DATA SHOWN -
□ □ □ □ □
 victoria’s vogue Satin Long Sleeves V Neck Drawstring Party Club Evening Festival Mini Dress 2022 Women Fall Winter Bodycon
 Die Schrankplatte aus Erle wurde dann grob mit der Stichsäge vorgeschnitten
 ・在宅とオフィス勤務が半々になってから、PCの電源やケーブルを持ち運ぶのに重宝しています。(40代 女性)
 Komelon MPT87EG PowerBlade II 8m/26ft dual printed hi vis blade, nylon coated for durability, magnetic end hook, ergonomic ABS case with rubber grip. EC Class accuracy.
□ □ □ □ □
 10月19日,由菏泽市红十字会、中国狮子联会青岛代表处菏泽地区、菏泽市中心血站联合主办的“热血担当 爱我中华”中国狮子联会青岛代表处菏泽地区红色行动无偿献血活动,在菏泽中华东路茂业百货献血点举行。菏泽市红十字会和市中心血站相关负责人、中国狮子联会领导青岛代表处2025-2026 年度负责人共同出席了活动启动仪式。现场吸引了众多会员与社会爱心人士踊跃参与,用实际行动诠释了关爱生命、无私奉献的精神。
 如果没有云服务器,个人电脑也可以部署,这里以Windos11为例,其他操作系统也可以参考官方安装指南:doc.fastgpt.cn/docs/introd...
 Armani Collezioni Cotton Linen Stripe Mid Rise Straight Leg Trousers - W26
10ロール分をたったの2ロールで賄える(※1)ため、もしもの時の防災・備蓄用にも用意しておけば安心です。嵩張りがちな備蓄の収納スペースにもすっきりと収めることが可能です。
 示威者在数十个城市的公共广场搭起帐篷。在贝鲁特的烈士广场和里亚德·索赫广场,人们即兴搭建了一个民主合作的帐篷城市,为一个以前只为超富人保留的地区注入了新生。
□ □ □ □ □
From the entries above, give again exactly the lines running from the line with "Armani Collezioni Cotton" to the line with "示威者在数十个城市的公共广场"; include both of those lines.

 Armani Collezioni Cotton Linen Stripe Mid Rise Straight Leg Trousers - W26
10ロール分をたったの2ロールで賄える(※1)ため、もしもの時の防災・備蓄用にも用意しておけば安心です。嵩張りがちな備蓄の収納スペースにもすっきりと収めることが可能です。
 示威者在数十个城市的公共广场搭起帐篷。在贝鲁特的烈士广场和里亚德·索赫广场,人们即兴搭建了一个民主合作的帐篷城市,为一个以前只为超富人保留的地区注入了新生。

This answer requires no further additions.